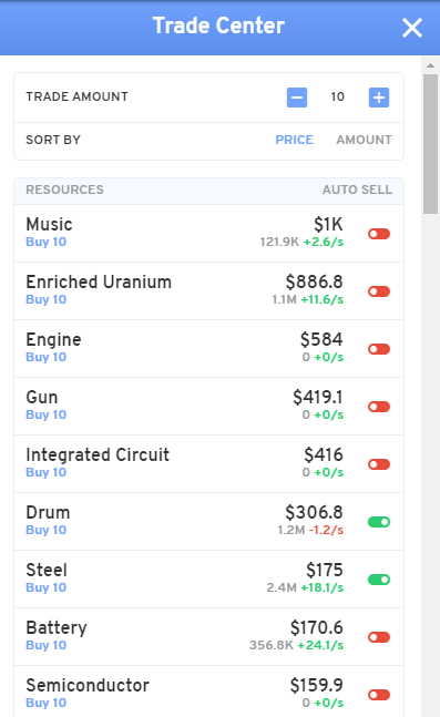 As you can see from this example Trade Center, there’s a lot of information being shown to you. On the left is the name of the Resource, and an option to buy them from the Market. On the right, the large number in black is the current Market Price per unit of the resource, below it in grey is the number you currently have in your stockpiles, and then the number in red or green is the deficit or surplus per second of that good in your supply chain. The switch to the far right is to activate or de-activate autoselling of that resource.
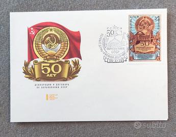 Vendo n.5 buste filateliche russe , anno emissione 1972 , per i 50 anni della Dichiarazione del Trattato sulla Formazione dell' URSS .
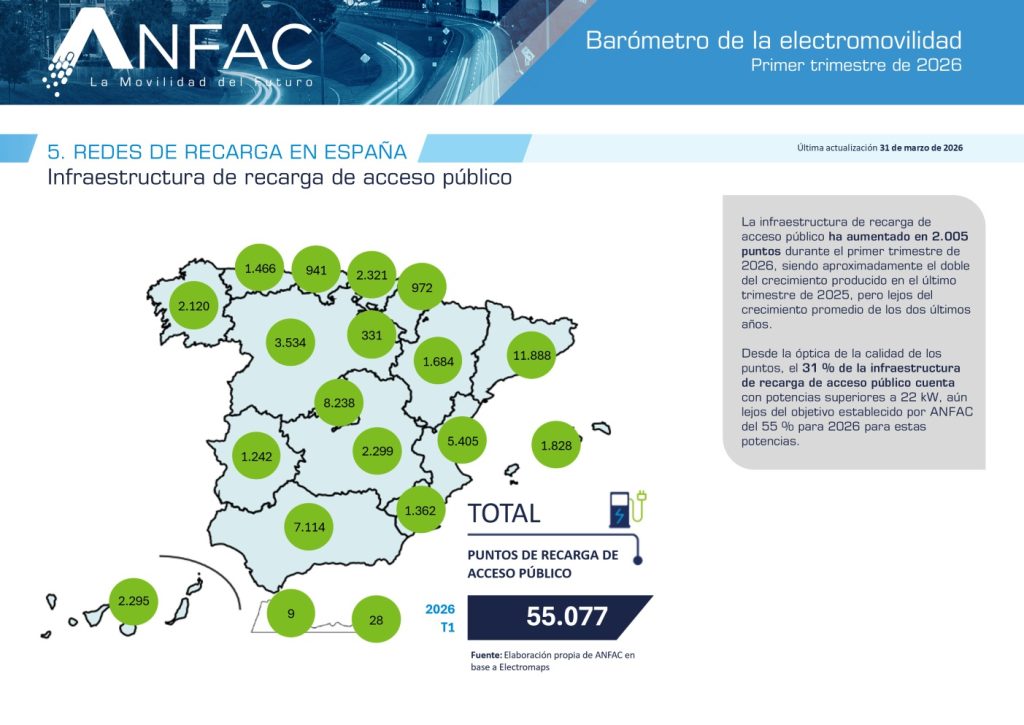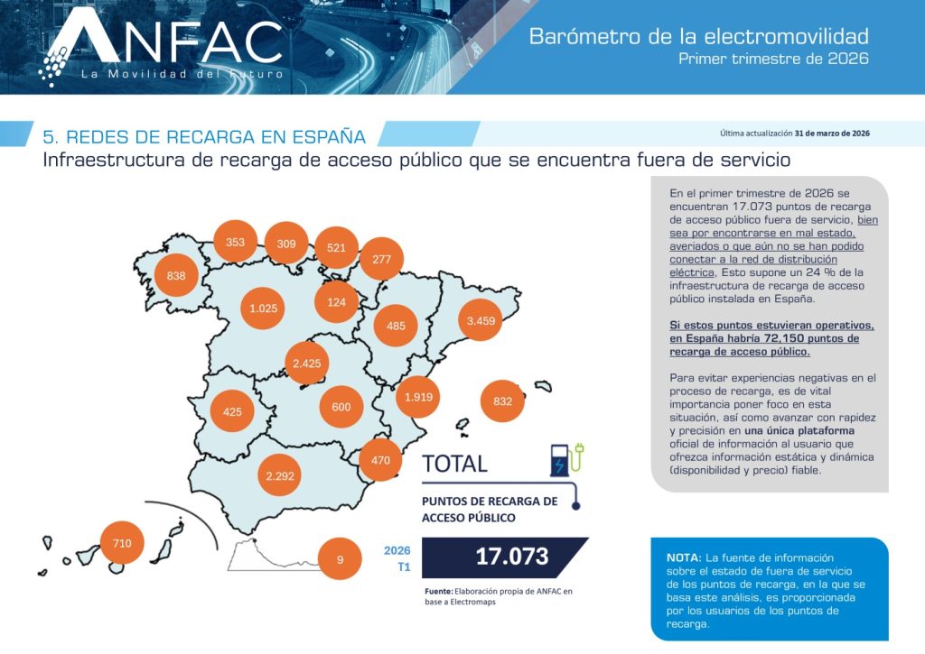 España ha aumentado en el primer trimestre de 2026 los puntos de recarga en un 3,8 %, instalando 2005 nuevos cargadores de uso público. Con ello, la cifra llega hasta los 55 077, número aún insuficiente para lograr los objetivos y equipararse a la media europea (no obstante, lo importante no es la cifra en sí, sino también la potencia, su ubicación y fiabilidad). Más aún cuando se analiza un dato clave: uno de cada cuatro cargadores no se pueden usar. Un total de 17 073 puntos de recarga inactivos, por las razones que sean (problemas técnicos, burocráticos, falta de conexión a red, etc), que lastran aún más una infraestructura escasa para la transición al vehículo eléctrico.

---*---

### Work item
Could you return the listing above exactly, minus its pictures?

### Answer section
 As you can see from this example Trade Center, there’s a lot of information being shown to you. On the left is the name of the Resource, and an option to buy them from the Market. On the right, the large number in black is the current Market Price per unit of the resource, below it in grey is the number you currently have in your stockpiles, and then the number in red or green is the deficit or surplus per second of that good in your supply chain. The switch to the far right is to activate or de-activate autoselling of that resource.
 Vendo n.5 buste filateliche russe , anno emissione 1972 , per i 50 anni della Dichiarazione del Trattato sulla Formazione dell' URSS .
 España ha aumentado en el primer trimestre de 2026 los puntos de recarga en un 3,8 %, instalando 2005 nuevos cargadores de uso público. Con ello, la cifra llega hasta los 55 077, número aún insuficiente para lograr los objetivos y equipararse a la media europea (no obstante, lo importante no es la cifra en sí, sino también la potencia, su ubicación y fiabilidad). Más aún cuando se analiza un dato clave: uno de cada cuatro cargadores no se pueden usar. Un total de 17 073 puntos de recarga inactivos, por las razones que sean (problemas técnicos, burocráticos, falta de conexión a red, etc), que lastran aún más una infraestructura escasa para la transición al vehículo eléctrico.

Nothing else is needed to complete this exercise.